The ACT continues to perform well against national data collected by the Australian early development census, which measures the development of schoolchildren in their first year of formal schooling. By measuring physical wellbeing, emotional and social competence, as well as cognitive skills, the census allows authorities to assess the development vulnerability of young children and what changes need to happen to ensure children get the best start. Reassuringly, the ACT has a lower percentage of developmentally vulnerable children in these areas when compared nationally.

As mentioned before, the national quality framework has essentially taken eight different regulatory regimes in states and territories and made one national framework that applies across the country. The national quality framework includes an assessment and rating process. Each service has a quantitative audit to establish a quality rating.
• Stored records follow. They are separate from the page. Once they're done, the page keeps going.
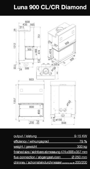 Инструкции, чертежи, документы - Каминная топка M-design Luna 900 CL/CR Diamond (Луна 900 CL/CR Даймонд)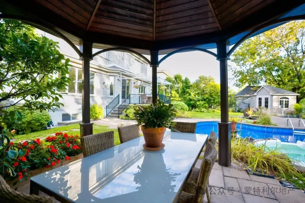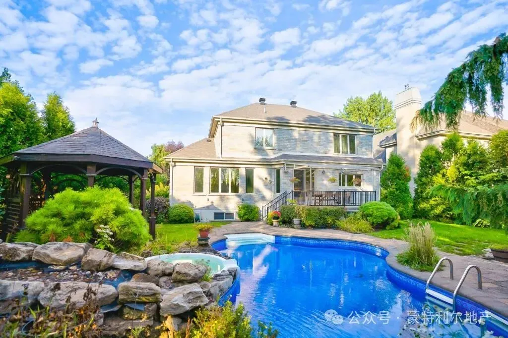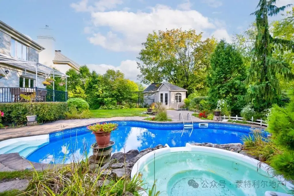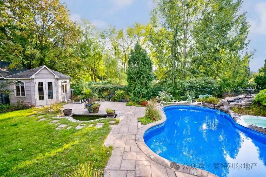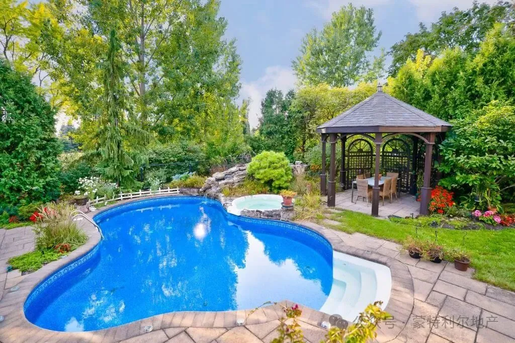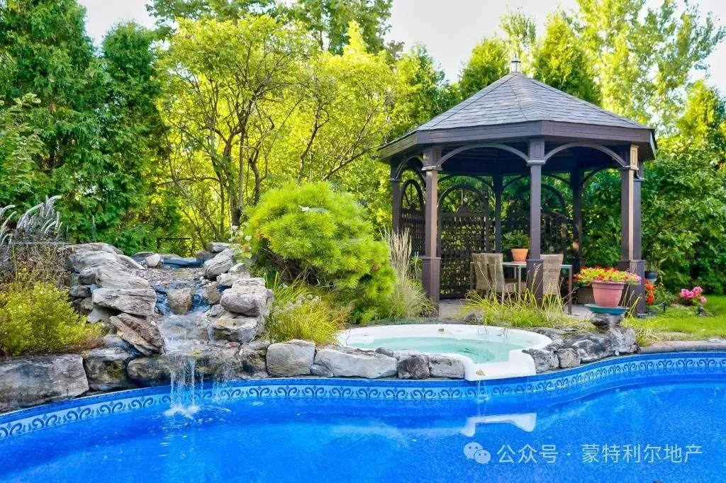 后院精心打造,私密性极强,配有地下泳池、凉亭、小屋、SPA和露台,是家人和朋友聚会或放松的理想之地。物业还提供双车库和4个石板铺设的车道停车位,满足多车家庭的需求。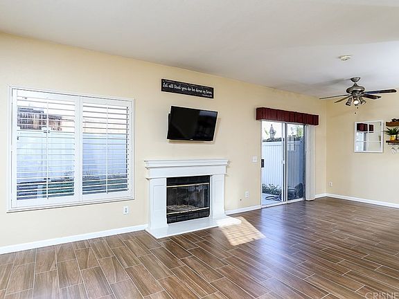 Welcome home to Brock Canyon Villas! This two-bedroom, two-bathroom townhome was the former model! BEST location in the neighborhood with PLENTY of guest parking! One of the only homes with a full driveway and a two-car, direct access garage! Drive in, close the door, get out, and go directly inside! The kitchen has new Corian countertops and a huge breakfast bar. Refrigerator included! The family room has a cozy fireplace. The downstairs powder room has a beautiful pedestal sink. New gorgeous, durable, wood-tile flooring throughout the entire downstairs. White, wood, plantation shutters on most windows. Why buy here instead of another townhome in Saugus or Valencia? The yard! Yes, your very own PRIVATE backyard with grass for a pet and concrete slab for a patio set and BBQ! Looking for NEW? This townhome has a BRAND NEW dishwasher! BRAND NEW kitchen faucet! BRAND NEW water heater! BRAND NEW garbage disposal! BRAND NEW garage door opener! BRAND NEW concrete slab! BRAND NEW sod! BRAND NEW sprinklers! Washer and dryer included! Live in the heart of the Santa Clarita Valley, walking distance to award-winning schools, shopping, and dining. The Brock Canyon neighborhood features beautiful walkways, a pool, and spa too! NO MELLOS ROOS! Welcome home!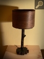 Projekt inspirowany lampą IV. Coś dla miłośników drewna czyli kolejna konstrukcja wykonana bez użycia metalu − oczywiście poza przewodem i elementami oprawki :). Prosta, spójna forma, podstawa w dwóch odcieniach orzecha oraz niezwykle elegancki abażur w kolorze palisandru.
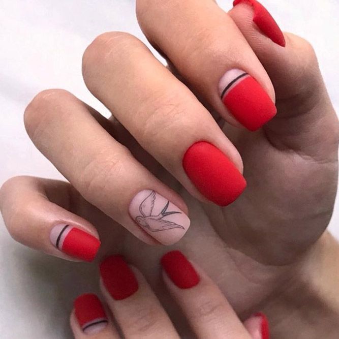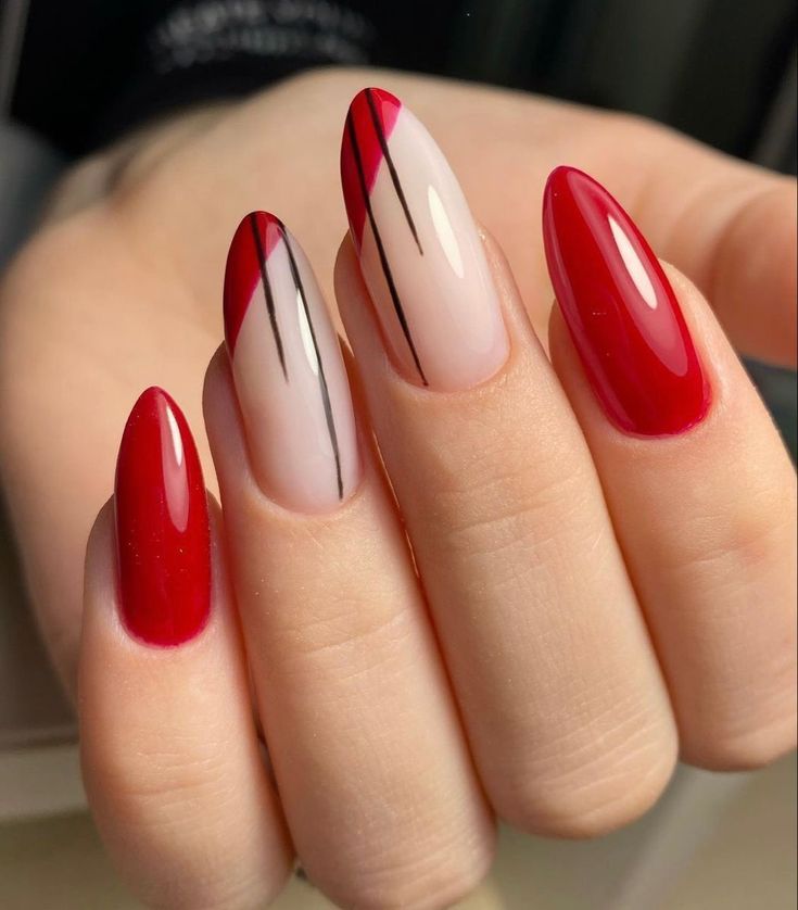 For the lovers of sharp lines and bold statements, here comes a design that marries spring nails red with geometric precision. The sleek red lines over a transparent base are a testament to trendy design and minimalist aesthetics, appealing to a sense of modern sophistication.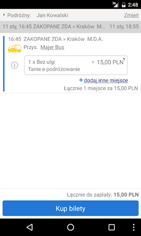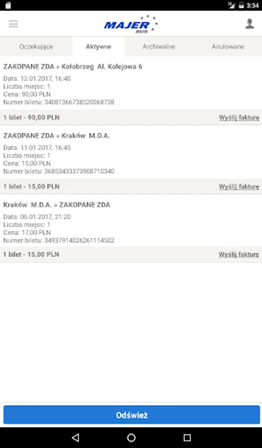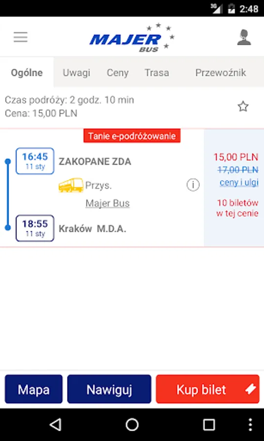 The application is free of charge and free of advertising. Purchase tickets at the application requires a login, but to view timetables and search for a call, you do not have to have an account. The application remembers your recent searches, as well as allows you to save favorite routes.

The assessment and rating is not a benchmark of minimum compliance but a benchmark of progress of services to achieve, develop and excel in the 58 elements of quality agreed to by states, territories and the commonwealth.

The implementation of the national quality framework in the ACT has seen an increase in the overall quality of early childhood services across the spectrum. In particular, there has been an increase in the number of qualified educators across the sector, greater partnerships with community and government agencies, stronger relationships between families and educators, and a deeper understanding of quality programming and practice for early learning.

Before closing this afternoon, I would also like to briefly acknowledge early childhood educators and the work they do. In a typically female-dominated industry, these workers are skilled, knowledgeable and invaluable. For much too long their work has been seen as menial, and it has occasionally been dismissed as little more than babysitting. Nothing could be further from the truth.

They bring intrinsically transferrable skills that allow them to communicate with children and their parents. They bring patience and care to the lives of children and their parents. They allow many of us to return to work and to continue participating in the labour market, as is evident in the labour market participation rates amongst women in the ACT, which continue to surpass the rest of the country. And they bring the knowledge and experience to ensure our children are given every opportunity, in the earliest period of their lives, to succeed and transition to school. These workers deserve adequate recognition and compensation for their role.